RECORDS SUPPLIED

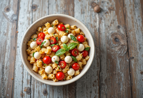 farfalle, mozzarella, tomatoes, basil, copy space, wooden table, italian cuisine, topview, vegetarian meal
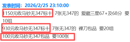 经过一个月的市场沉淀,马钞通货价格从年前的30元左右小幅回升到31元左右,无4散张在32.5元左右。
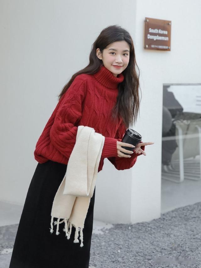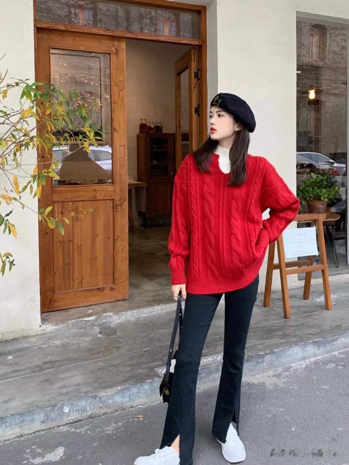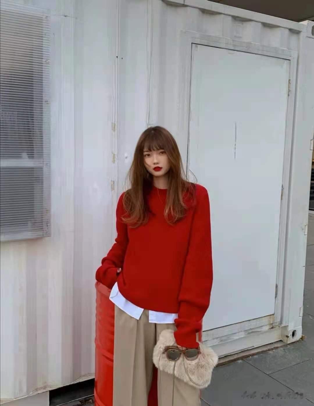 以近年流行的“奶奶衫”为例,这类毛衣多采用粗针织工艺,表面带有自然的纹理感。微胖身材选择时,可优先选择V领或小方领设计——领口的纵向延伸能在视觉上拉长颈部线条,同时弱化胸部的厚重感。搭配时,建议采用“上松下紧”的搭配法则:宽松红毛衣搭配高腰直筒裤或A字裙,既保留了红毛衣的节日氛围,又通过上下装的量感对比达到显瘦效果。
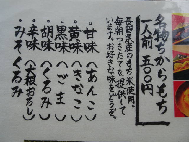 辛味(大根おろし)と、胡桃(くるみ)を発注、どちらも美味。
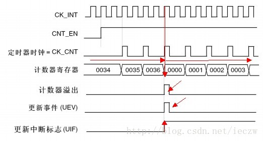 这个是计数过程,上面说过了,计数跟分频后的周期有关;当计数达到装载的数值之后,系统会产生一个三个信号,其中溢出信号和更新事件一个时钟周期后会自动消失,而这时候触发了更新中断标志位UIF,我们可以用这个UPDATE来做定时器的中断标志信号!
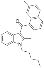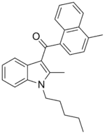 - 1 2 3 4 5 6 7 8 9 10 11 12 13 14 15 16 17 18 19 20 21 22 23 24 Aung MM, Griffin G, Huffman JW, Wu M, Keel C, Yang B, Showalter VM, Abood ME, Martin BR (August 2000). "Influence of the N-1 alkyl chain length of cannabimimetic indoles upon CB(1) and CB(2) receptor binding". Drug and Alcohol Dependence. 60 (2): 133–40. doi:10.1016/S0376-8716(99)00152-0. PMID 10940540.
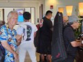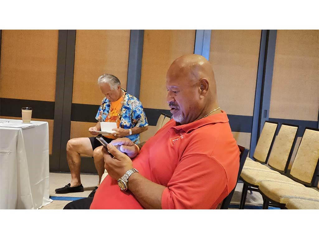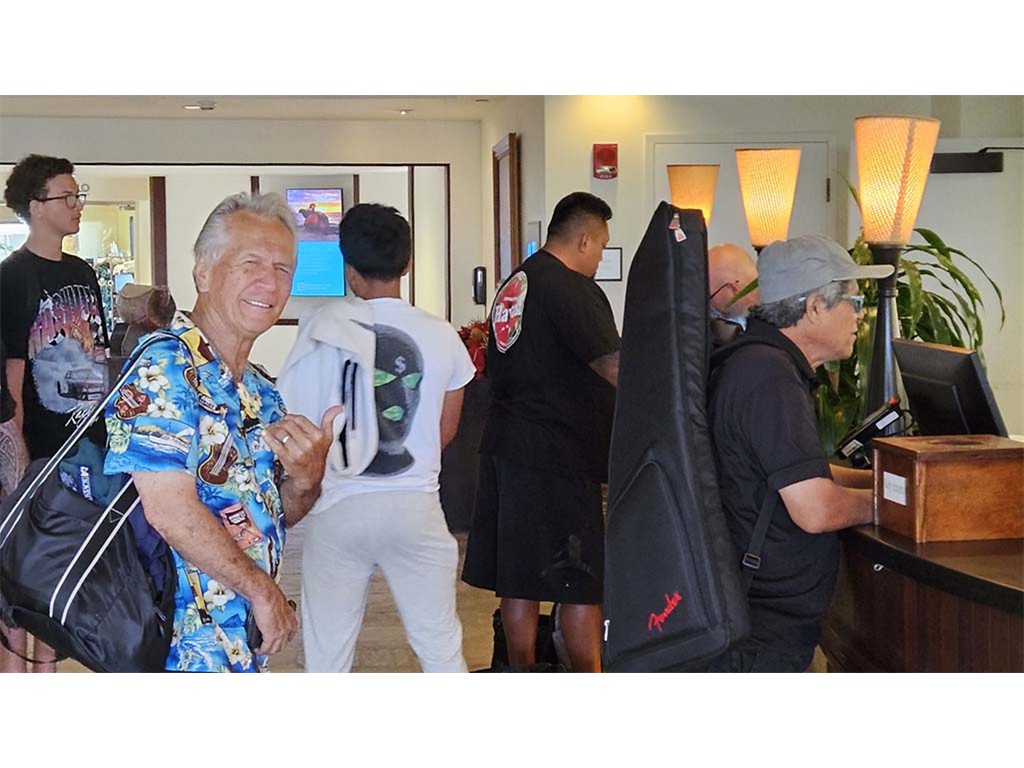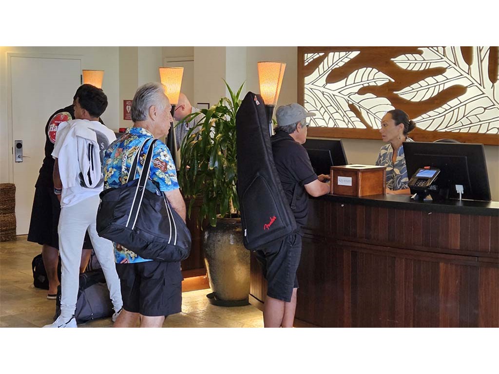 Check-in time for Greg Sardinha. Kimo Kahoano waits his turn. Shane and Enosa Lyman are also checking in.
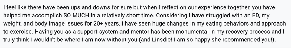 I’m here for you if you’re tired of fighting your body and just want to feel at home in it; if you’ve spent years cycling through diets, restriction, or food guilt; or if you’re craving grounded, compassionate support with nutrition, body image, and the messiness of life itself.
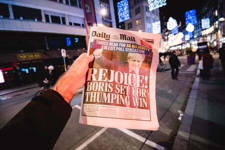 Paris, France - Dec 14, 2019: Man reading in city at night UK Daily Mail newspaper press the day after UK PM Boris Johnsons Conservative Party won a landslide Early General victory brexit rejoice
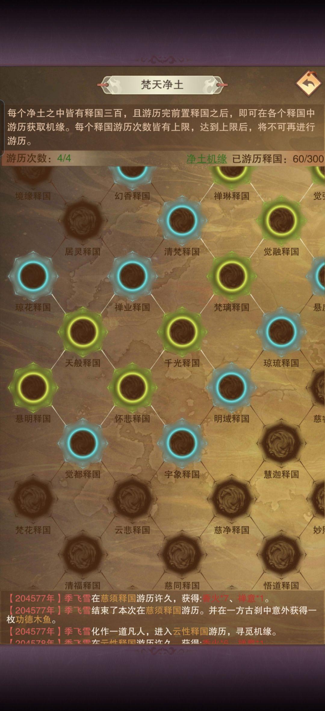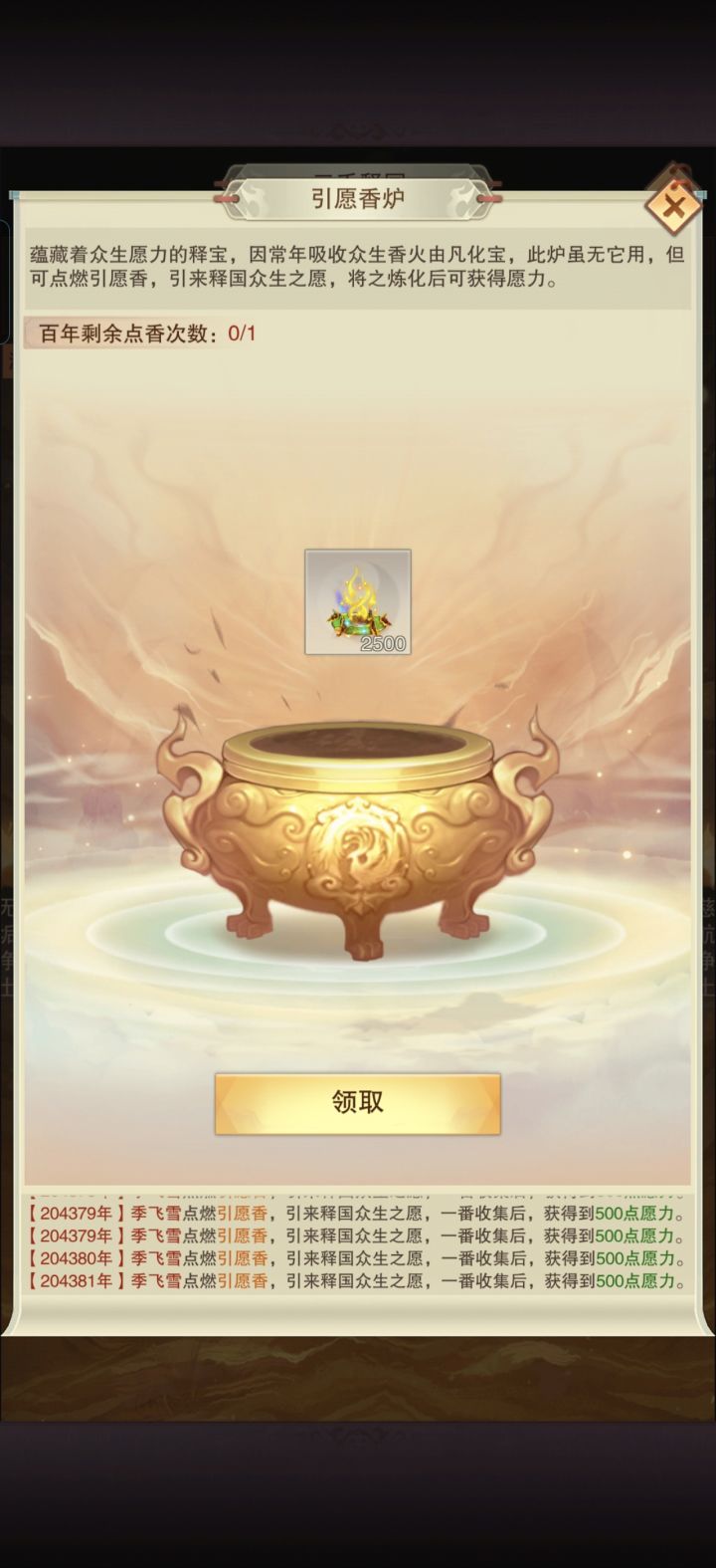 功德木鱼在最右边往中间一点的慈须释国,香炉在最左边的悬明释国
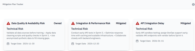 The Mitigation Plan Tracker tracks the progress of mitigation plans for key financial risks.
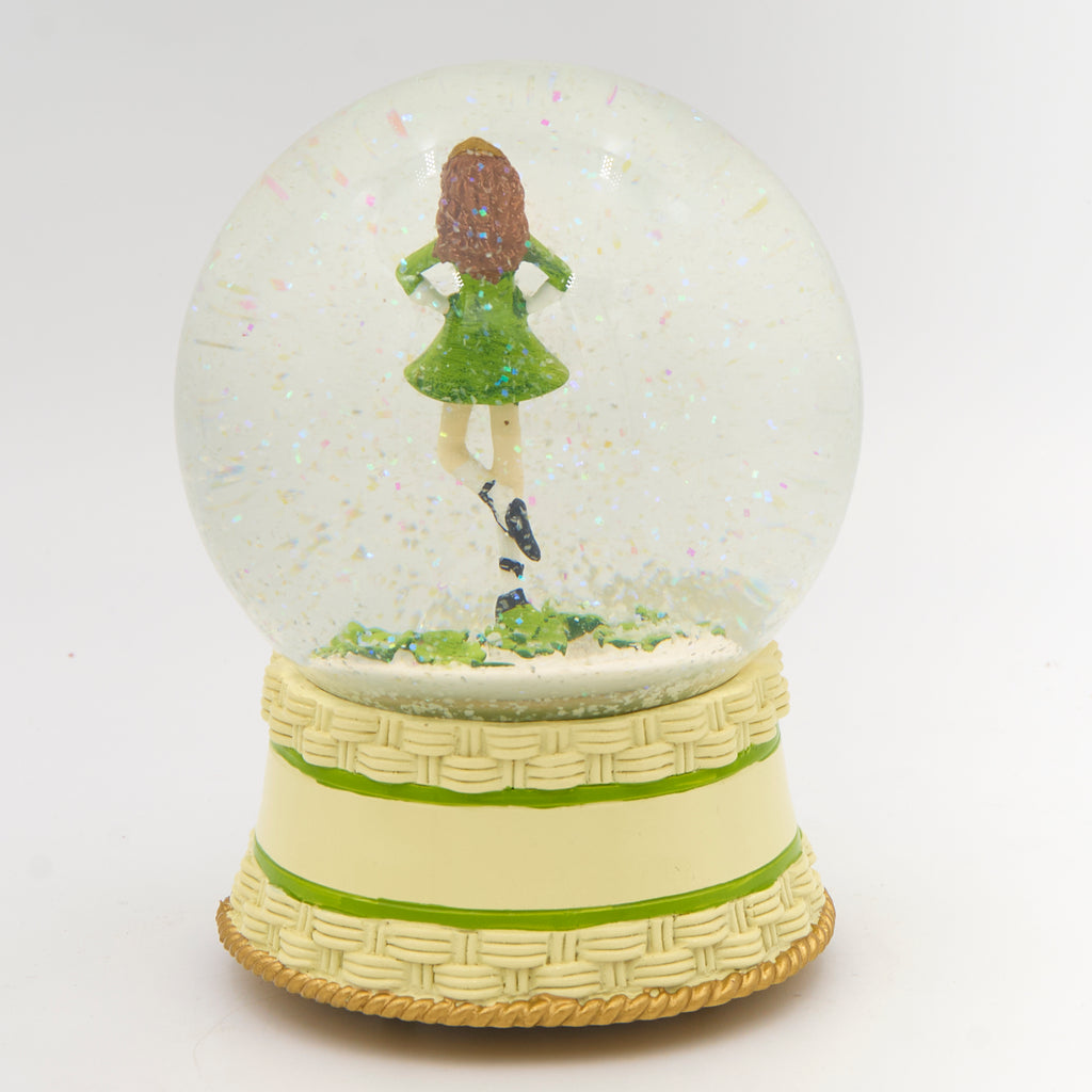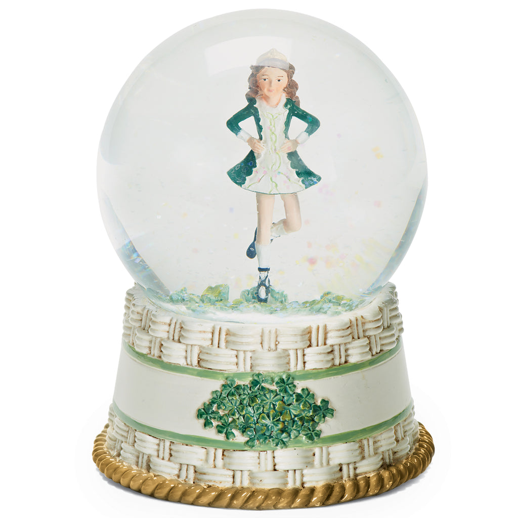 Celebrate the beauty of Irish tradition with this enchanting glitterdome featuring a graceful Irish dancer captured mid-step. When wound, the globe plays “That’s an Irish Lullaby” as shimmering glitter swirls around, creating a magical display. The woven-style base with shamrock detailing adds an extra touch of Irish charm, making it a meaningful keepsake or gift.
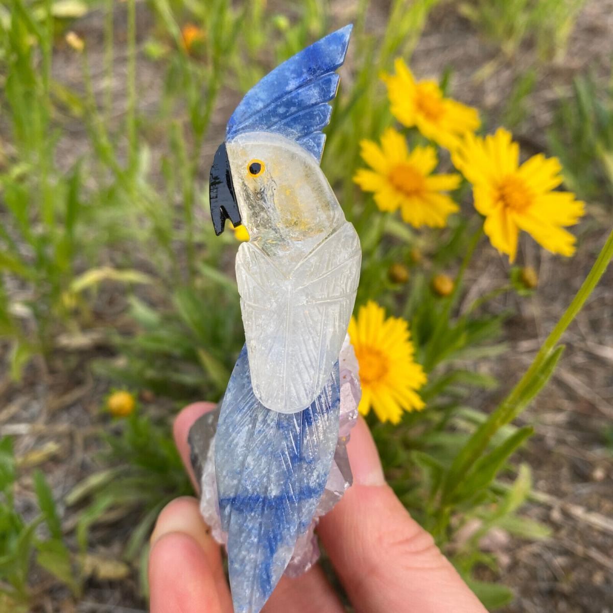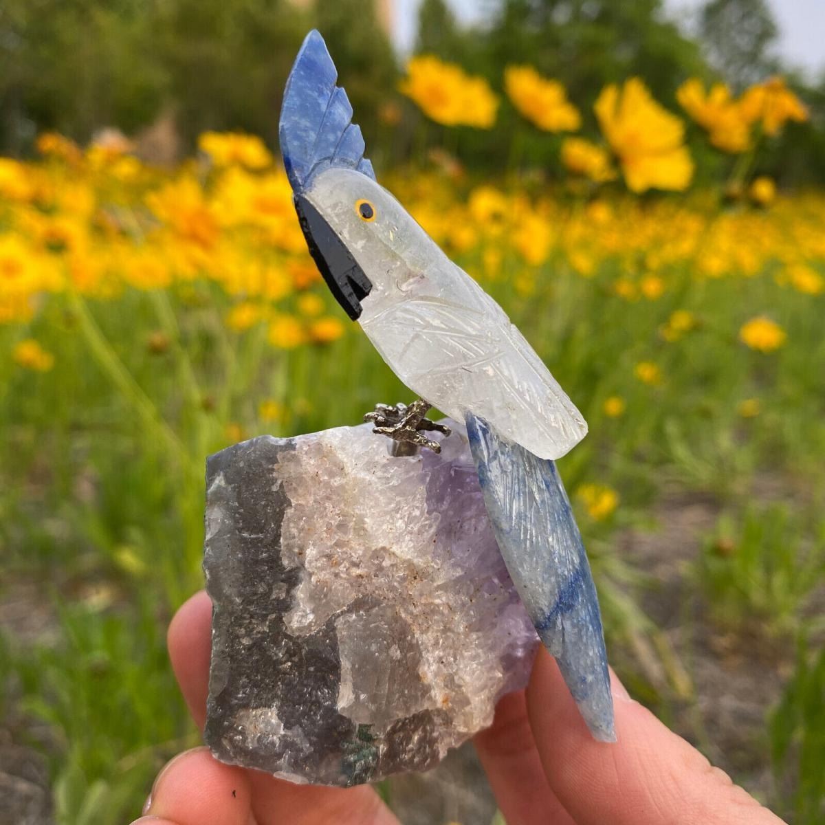 Natural Stone Handcarved Quartz Bird;Lenght: 64 mm;Bird with base Weight: 135 g;Material?Natural Quartz Crystal;
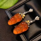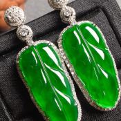 高冰红翡树叶翡翠耳环20*11.8*5.4

EXERCISE
Give back all the data exactly, minus pictures.

ANSWER SECTION
 farfalle, mozzarella, tomatoes, basil, copy space, wooden table, italian cuisine, topview, vegetarian meal
 经过一个月的市场沉淀,马钞通货价格从年前的30元左右小幅回升到31元左右,无4散张在32.5元左右。
 以近年流行的“奶奶衫”为例,这类毛衣多采用粗针织工艺,表面带有自然的纹理感。微胖身材选择时,可优先选择V领或小方领设计——领口的纵向延伸能在视觉上拉长颈部线条,同时弱化胸部的厚重感。搭配时,建议采用“上松下紧”的搭配法则:宽松红毛衣搭配高腰直筒裤或A字裙,既保留了红毛衣的节日氛围,又通过上下装的量感对比达到显瘦效果。
 辛味(大根おろし)と、胡桃(くるみ)を発注、どちらも美味。
 这个是计数过程,上面说过了,计数跟分频后的周期有关;当计数达到装载的数值之后,系统会产生一个三个信号,其中溢出信号和更新事件一个时钟周期后会自动消失,而这时候触发了更新中断标志位UIF,我们可以用这个UPDATE来做定时器的中断标志信号!
 - 1 2 3 4 5 6 7 8 9 10 11 12 13 14 15 16 17 18 19 20 21 22 23 24 Aung MM, Griffin G, Huffman JW, Wu M, Keel C, Yang B, Showalter VM, Abood ME, Martin BR (August 2000). "Influence of the N-1 alkyl chain length of cannabimimetic indoles upon CB(1) and CB(2) receptor binding". Drug and Alcohol Dependence. 60 (2): 133–40. doi:10.1016/S0376-8716(99)00152-0. PMID 10940540.
 Check-in time for Greg Sardinha. Kimo Kahoano waits his turn. Shane and Enosa Lyman are also checking in.
 I’m here for you if you’re tired of fighting your body and just want to feel at home in it; if you’ve spent years cycling through diets, restriction, or food guilt; or if you’re craving grounded, compassionate support with nutrition, body image, and the messiness of life itself.
 Paris, France - Dec 14, 2019: Man reading in city at night UK Daily Mail newspaper press the day after UK PM Boris Johnsons Conservative Party won a landslide Early General victory brexit rejoice
 功德木鱼在最右边往中间一点的慈须释国,香炉在最左边的悬明释国
 The Mitigation Plan Tracker tracks the progress of mitigation plans for key financial risks.
 Celebrate the beauty of Irish tradition with this enchanting glitterdome featuring a graceful Irish dancer captured mid-step. When wound, the globe plays “That’s an Irish Lullaby” as shimmering glitter swirls around, creating a magical display. The woven-style base with shamrock detailing adds an extra touch of Irish charm, making it a meaningful keepsake or gift.
 Natural Stone Handcarved Quartz Bird;Lenght: 64 mm;Bird with base Weight: 135 g;Material?Natural Quartz Crystal;
 高冰红翡树叶翡翠耳环20*11.8*5.4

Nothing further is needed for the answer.